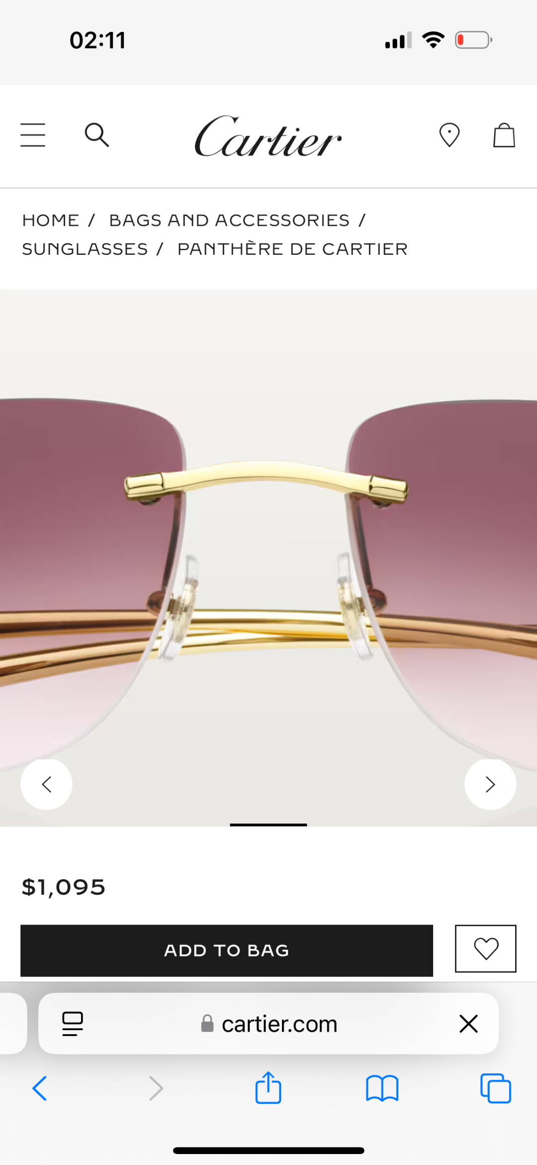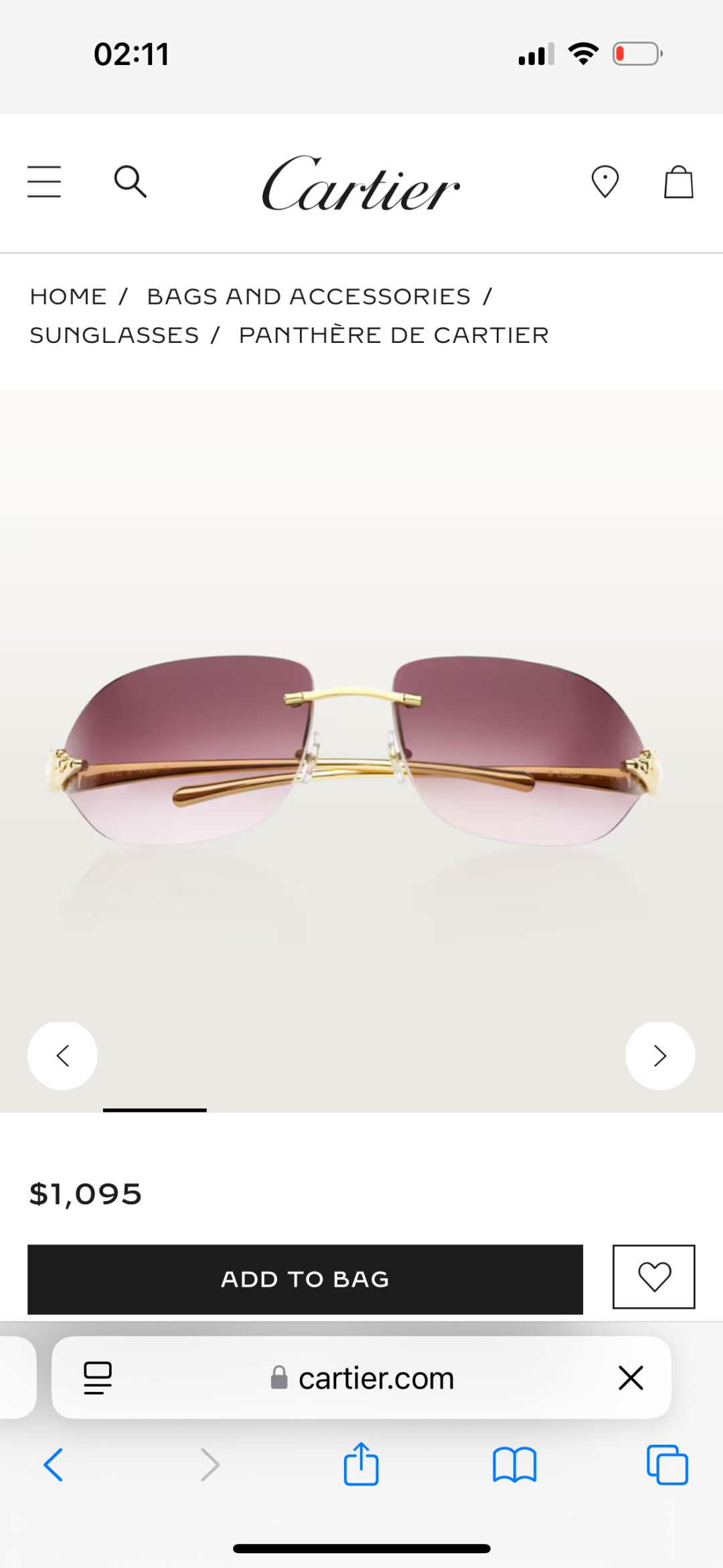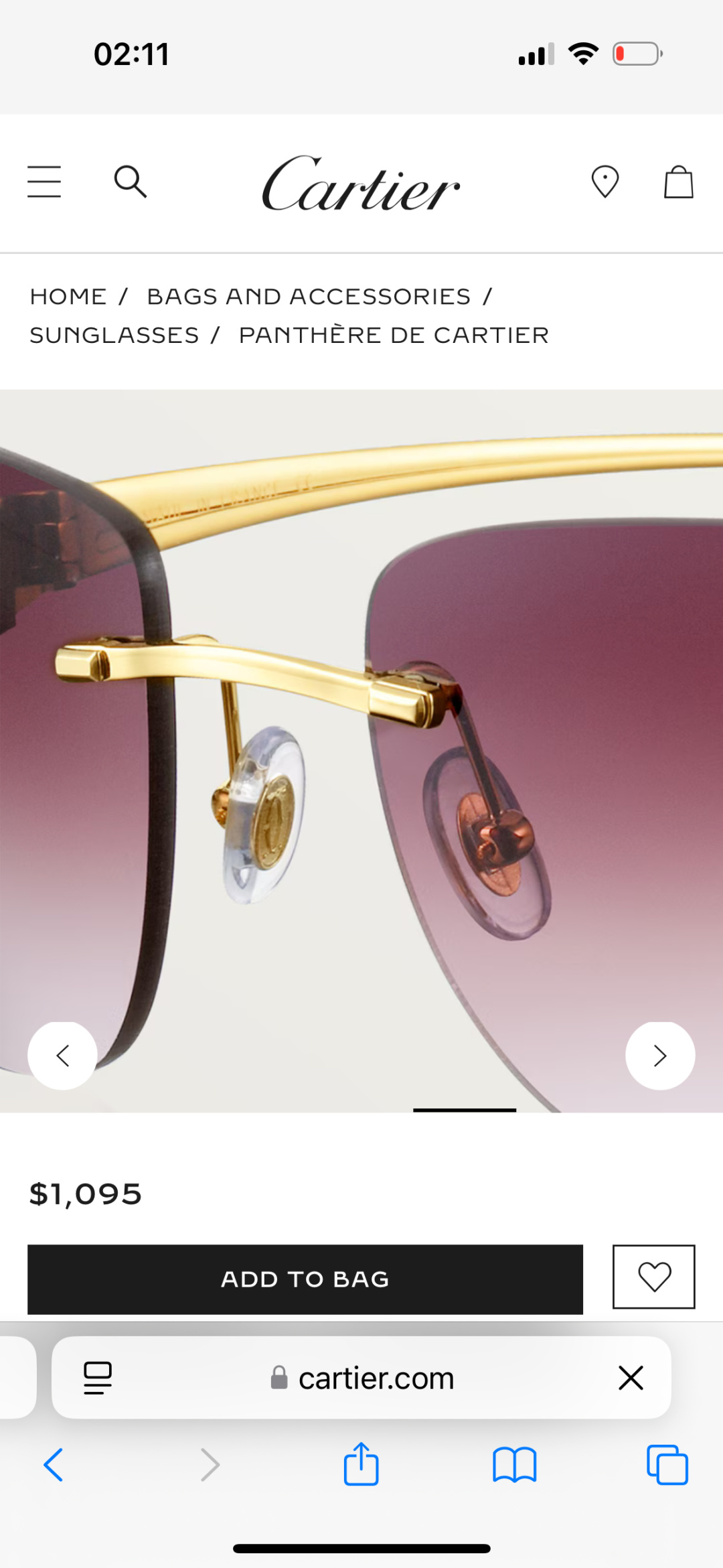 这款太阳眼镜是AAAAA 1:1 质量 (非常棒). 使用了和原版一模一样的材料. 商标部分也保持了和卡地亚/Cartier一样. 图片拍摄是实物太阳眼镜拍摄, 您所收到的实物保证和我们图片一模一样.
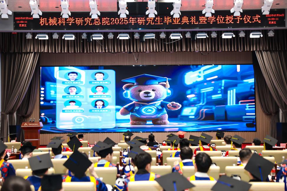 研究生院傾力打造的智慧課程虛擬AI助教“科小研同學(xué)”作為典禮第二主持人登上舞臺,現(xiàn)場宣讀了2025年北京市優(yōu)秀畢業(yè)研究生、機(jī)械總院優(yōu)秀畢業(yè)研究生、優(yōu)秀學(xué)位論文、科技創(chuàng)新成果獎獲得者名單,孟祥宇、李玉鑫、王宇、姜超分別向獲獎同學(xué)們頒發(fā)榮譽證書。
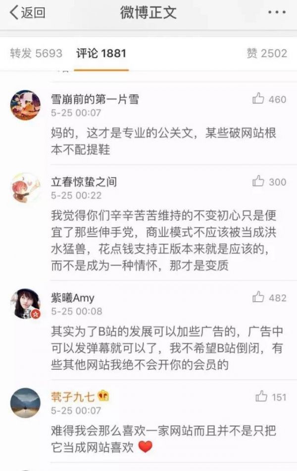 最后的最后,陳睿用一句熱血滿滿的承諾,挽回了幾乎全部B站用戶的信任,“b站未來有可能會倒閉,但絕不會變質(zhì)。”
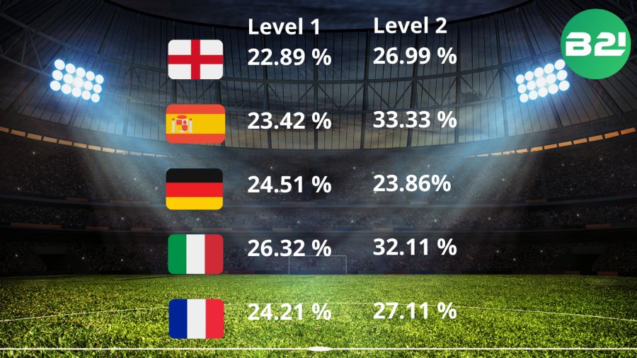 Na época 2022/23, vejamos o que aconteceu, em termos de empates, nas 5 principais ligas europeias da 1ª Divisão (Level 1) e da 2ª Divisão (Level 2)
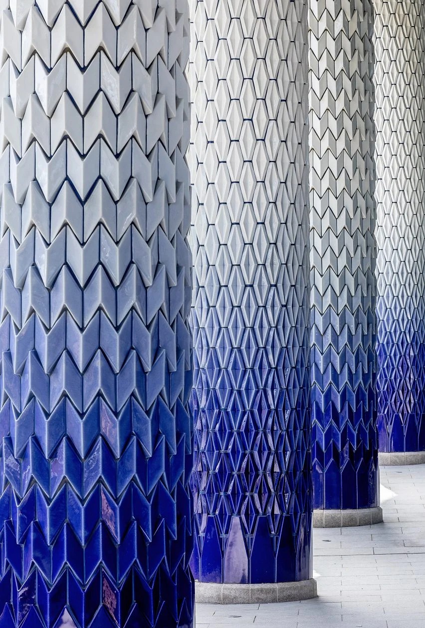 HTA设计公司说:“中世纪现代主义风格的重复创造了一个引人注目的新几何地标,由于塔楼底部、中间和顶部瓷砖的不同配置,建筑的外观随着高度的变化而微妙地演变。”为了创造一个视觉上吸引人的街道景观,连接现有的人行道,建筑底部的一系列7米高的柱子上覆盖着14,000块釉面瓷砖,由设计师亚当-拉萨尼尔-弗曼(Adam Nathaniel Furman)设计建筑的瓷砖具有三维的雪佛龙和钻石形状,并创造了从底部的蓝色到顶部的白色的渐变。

::::::

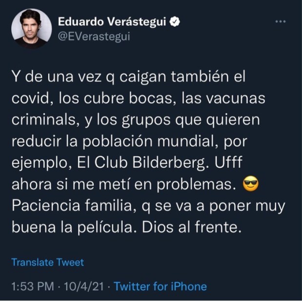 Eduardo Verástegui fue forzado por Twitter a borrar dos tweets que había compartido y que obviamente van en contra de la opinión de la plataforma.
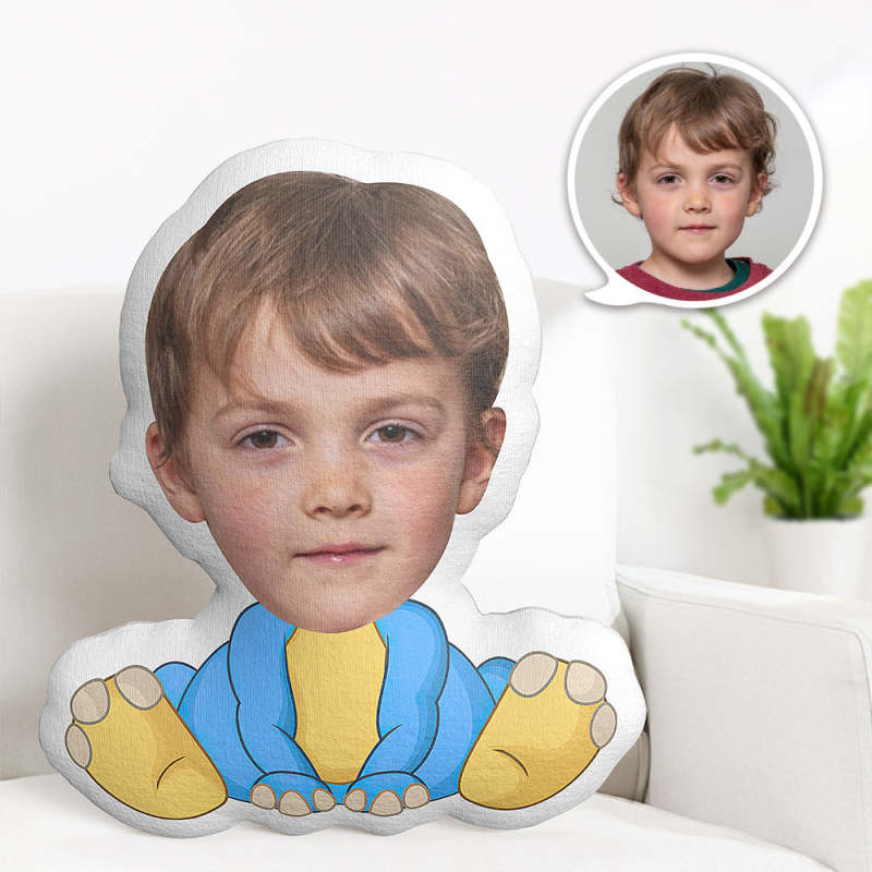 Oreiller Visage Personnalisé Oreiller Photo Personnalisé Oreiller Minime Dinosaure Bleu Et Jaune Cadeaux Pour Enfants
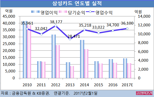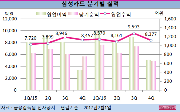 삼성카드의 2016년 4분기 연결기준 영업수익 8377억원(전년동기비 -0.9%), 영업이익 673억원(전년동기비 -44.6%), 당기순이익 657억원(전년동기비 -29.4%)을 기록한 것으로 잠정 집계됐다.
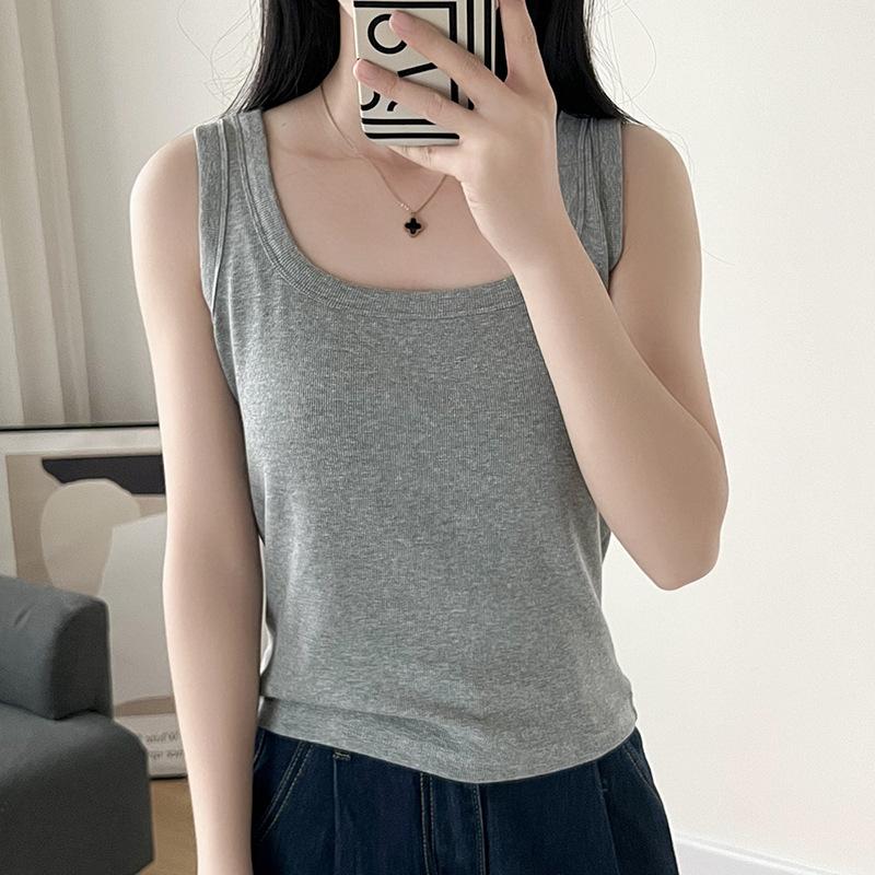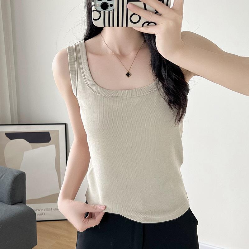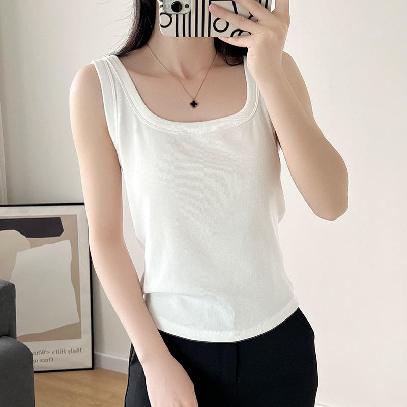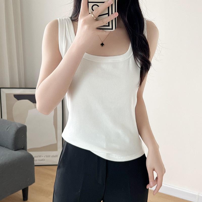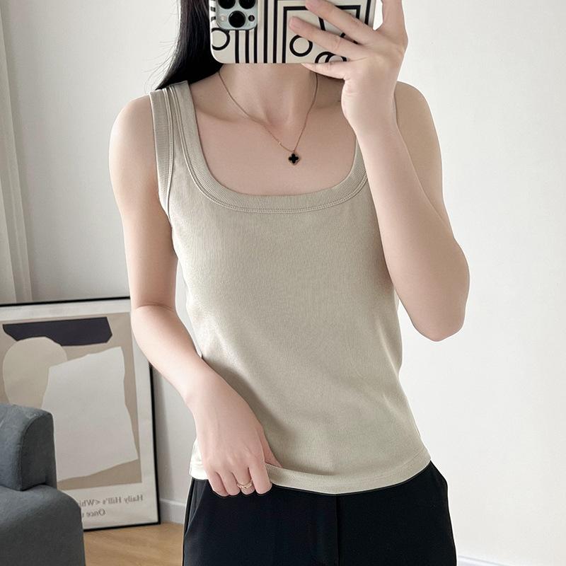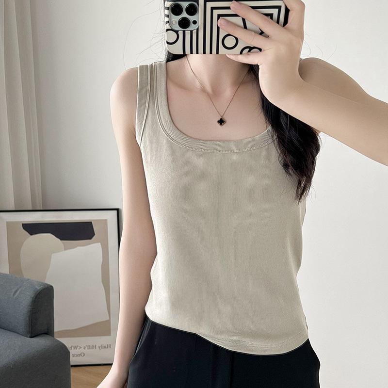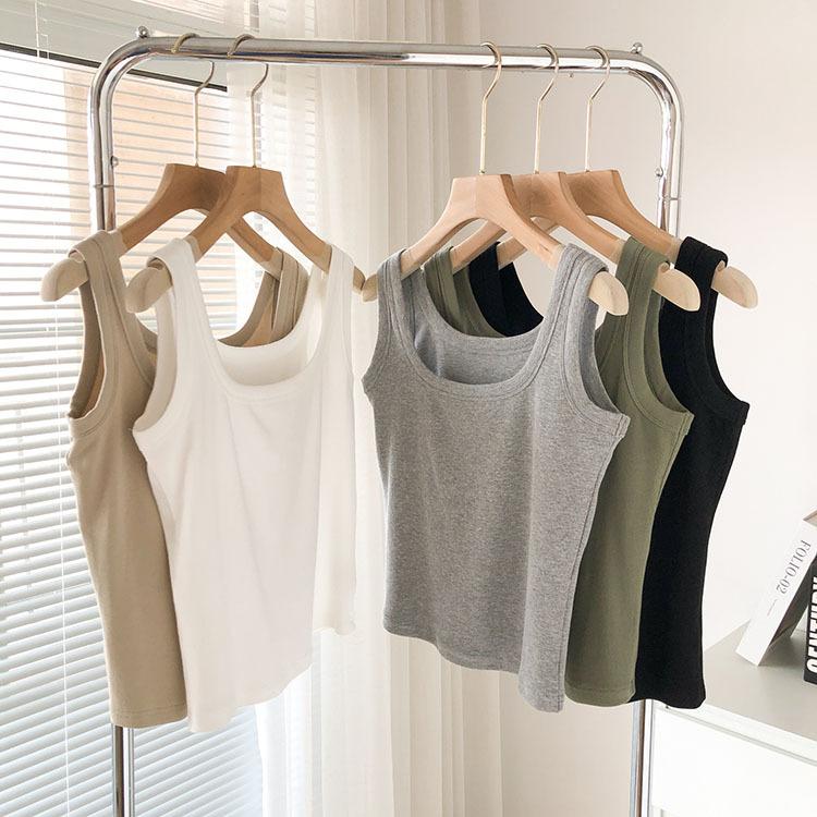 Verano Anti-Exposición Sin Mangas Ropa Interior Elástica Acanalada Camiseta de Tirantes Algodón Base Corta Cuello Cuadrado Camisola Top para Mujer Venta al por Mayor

::::::

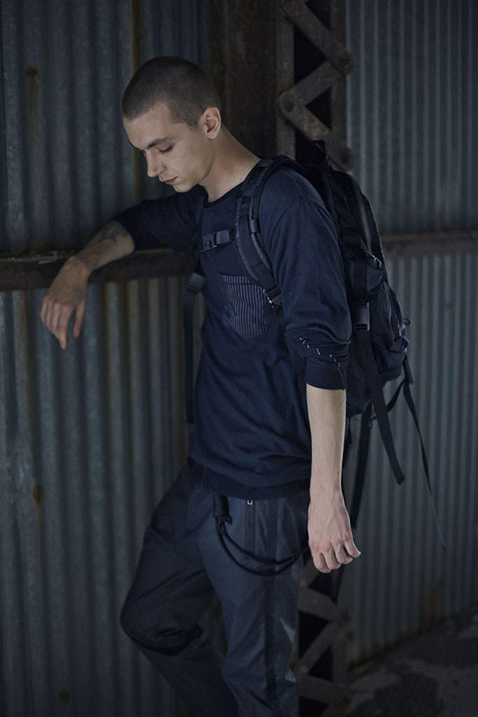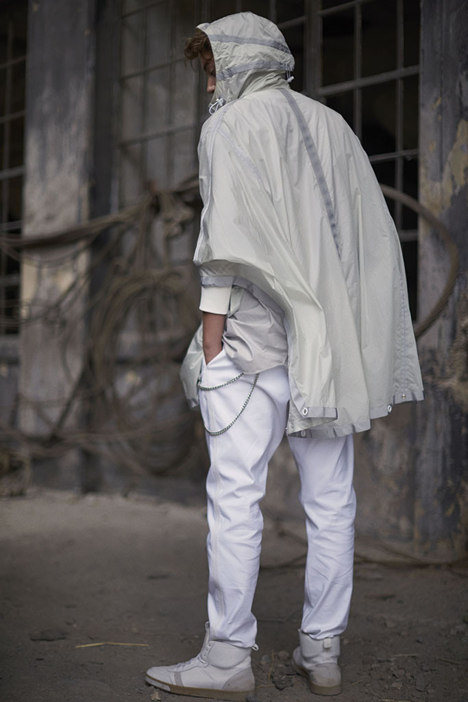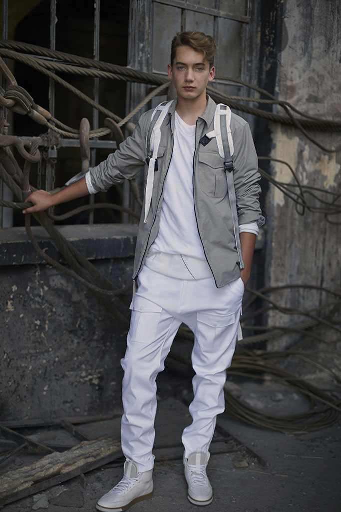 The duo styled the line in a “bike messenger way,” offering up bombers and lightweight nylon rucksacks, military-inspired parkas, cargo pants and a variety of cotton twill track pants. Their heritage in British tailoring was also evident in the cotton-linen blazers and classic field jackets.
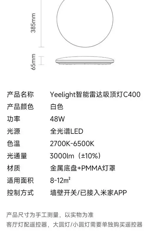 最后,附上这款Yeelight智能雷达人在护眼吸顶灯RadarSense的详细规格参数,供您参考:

::::::

» **Aim of the task**: Going back to the data above, write out everything from the line with "Eduardo Verástegui fue" down to the line with "Verano Anti-Exposición Sin", both included, leaving every picture out.

» **Written solution**:
 Eduardo Verástegui fue forzado por Twitter a borrar dos tweets que había compartido y que obviamente van en contra de la opinión de la plataforma.
 Oreiller Visage Personnalisé Oreiller Photo Personnalisé Oreiller Minime Dinosaure Bleu Et Jaune Cadeaux Pour Enfants
 삼성카드의 2016년 4분기 연결기준 영업수익 8377억원(전년동기비 -0.9%), 영업이익 673억원(전년동기비 -44.6%), 당기순이익 657억원(전년동기비 -29.4%)을 기록한 것으로 잠정 집계됐다.
 Verano Anti-Exposición Sin Mangas Ropa Interior Elástica Acanalada Camiseta de Tirantes Algodón Base Corta Cuello Cuadrado Camisola Top para Mujer Venta al por Mayor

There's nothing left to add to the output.